→ DATASET EXCERPTS:
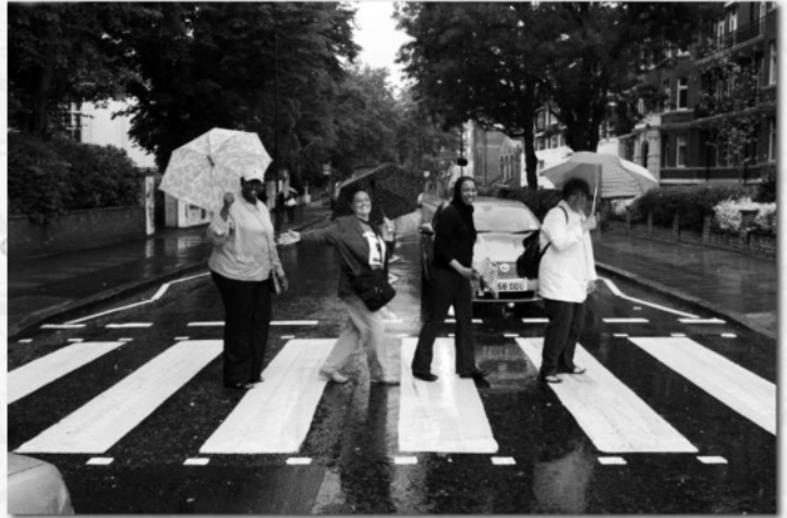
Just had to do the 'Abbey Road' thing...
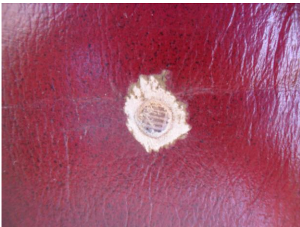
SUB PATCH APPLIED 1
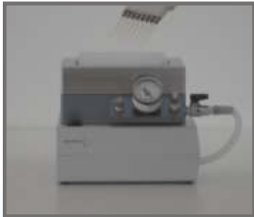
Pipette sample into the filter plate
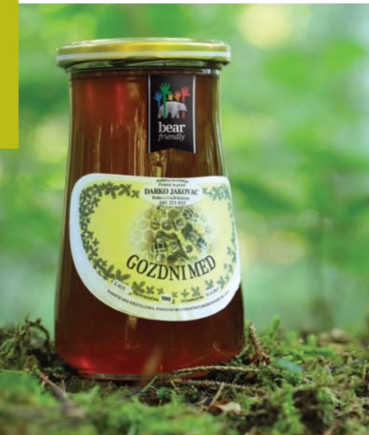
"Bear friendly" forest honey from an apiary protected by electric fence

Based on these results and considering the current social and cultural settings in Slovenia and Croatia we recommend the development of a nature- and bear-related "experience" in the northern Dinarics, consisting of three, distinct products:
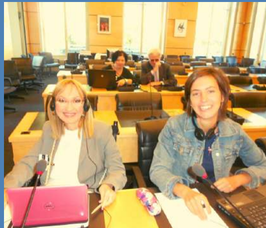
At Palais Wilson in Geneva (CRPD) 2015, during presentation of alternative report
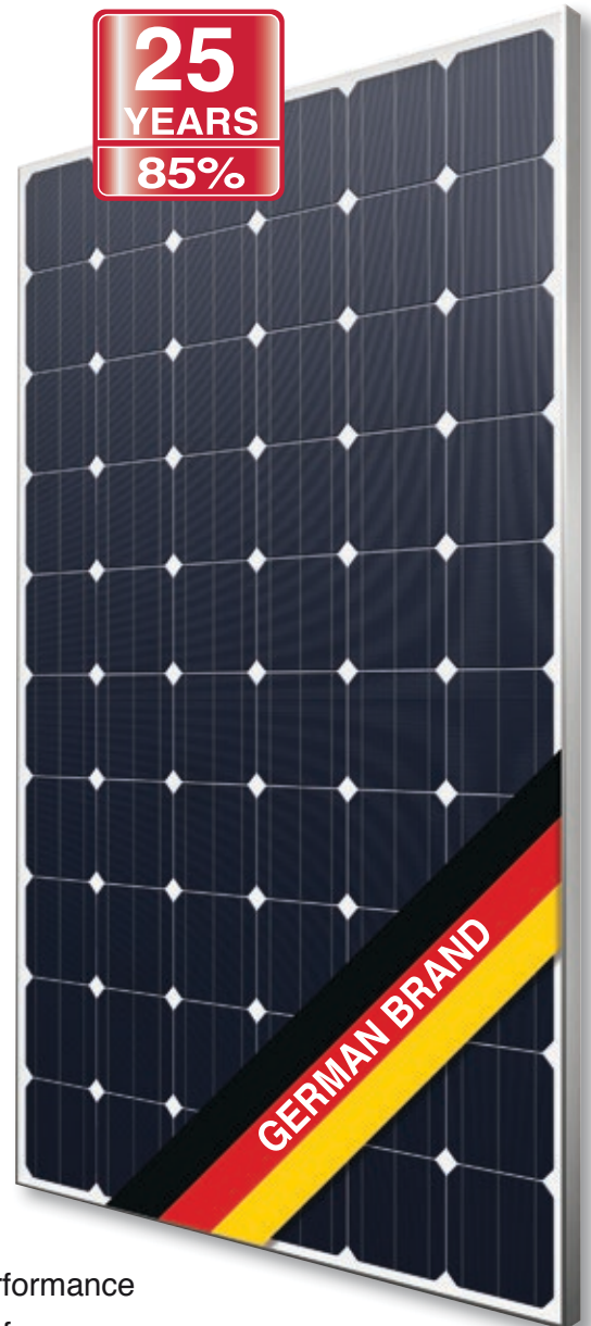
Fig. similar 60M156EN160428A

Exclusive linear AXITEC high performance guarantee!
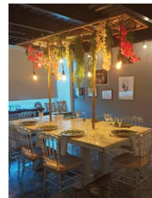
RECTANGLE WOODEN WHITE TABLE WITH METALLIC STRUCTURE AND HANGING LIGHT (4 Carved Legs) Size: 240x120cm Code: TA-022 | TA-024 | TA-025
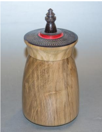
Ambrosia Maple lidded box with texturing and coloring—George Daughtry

...

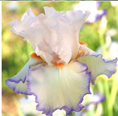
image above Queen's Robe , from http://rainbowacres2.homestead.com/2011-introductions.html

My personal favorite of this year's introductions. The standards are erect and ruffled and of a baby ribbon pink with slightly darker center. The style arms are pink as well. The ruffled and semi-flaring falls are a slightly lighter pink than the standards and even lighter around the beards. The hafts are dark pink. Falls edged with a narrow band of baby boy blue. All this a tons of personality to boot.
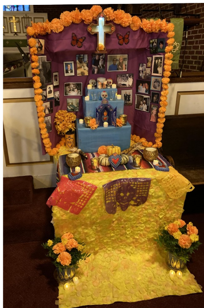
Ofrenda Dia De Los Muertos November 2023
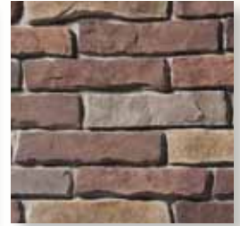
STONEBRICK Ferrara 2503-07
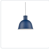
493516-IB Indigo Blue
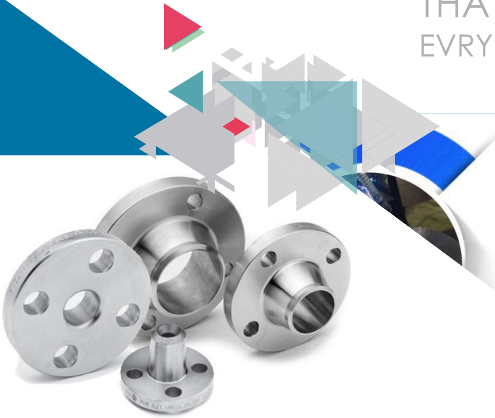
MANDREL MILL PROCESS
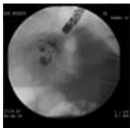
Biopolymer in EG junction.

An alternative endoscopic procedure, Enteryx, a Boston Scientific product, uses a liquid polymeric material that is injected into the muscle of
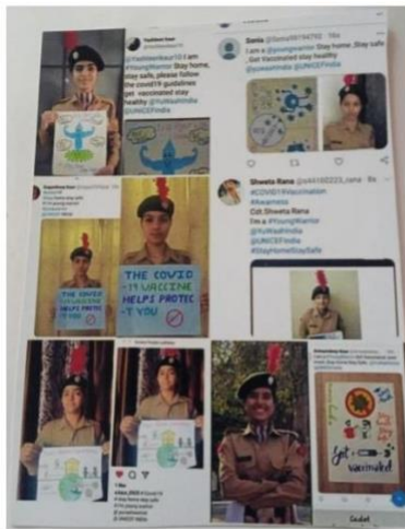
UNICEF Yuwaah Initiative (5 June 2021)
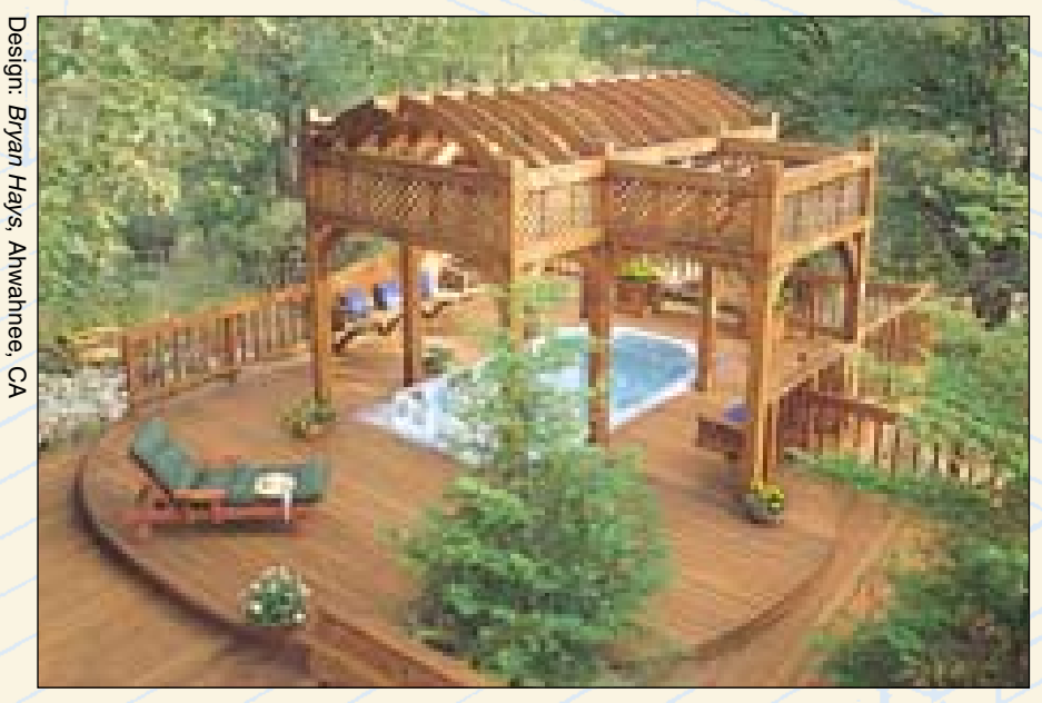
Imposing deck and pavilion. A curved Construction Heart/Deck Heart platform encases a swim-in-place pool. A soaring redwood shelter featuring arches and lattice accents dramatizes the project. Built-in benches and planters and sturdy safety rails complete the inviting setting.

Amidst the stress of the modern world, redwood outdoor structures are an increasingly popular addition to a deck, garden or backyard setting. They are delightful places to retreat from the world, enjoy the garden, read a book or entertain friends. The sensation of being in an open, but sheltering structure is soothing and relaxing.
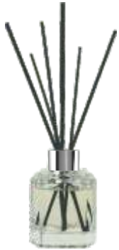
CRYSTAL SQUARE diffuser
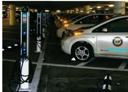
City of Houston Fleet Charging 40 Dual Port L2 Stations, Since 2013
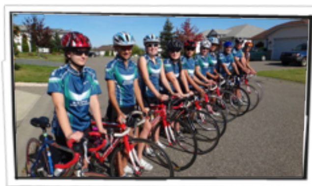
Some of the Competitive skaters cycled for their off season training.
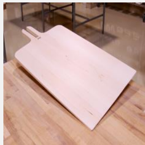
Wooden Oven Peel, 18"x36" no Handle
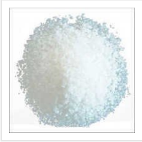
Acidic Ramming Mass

→ PROBLEM TO WORK ON: Go through the listing above line by line and say how many lines hold the word "into". Reply with that number only.

→ ANSWER TO THIS PROBLEM: 2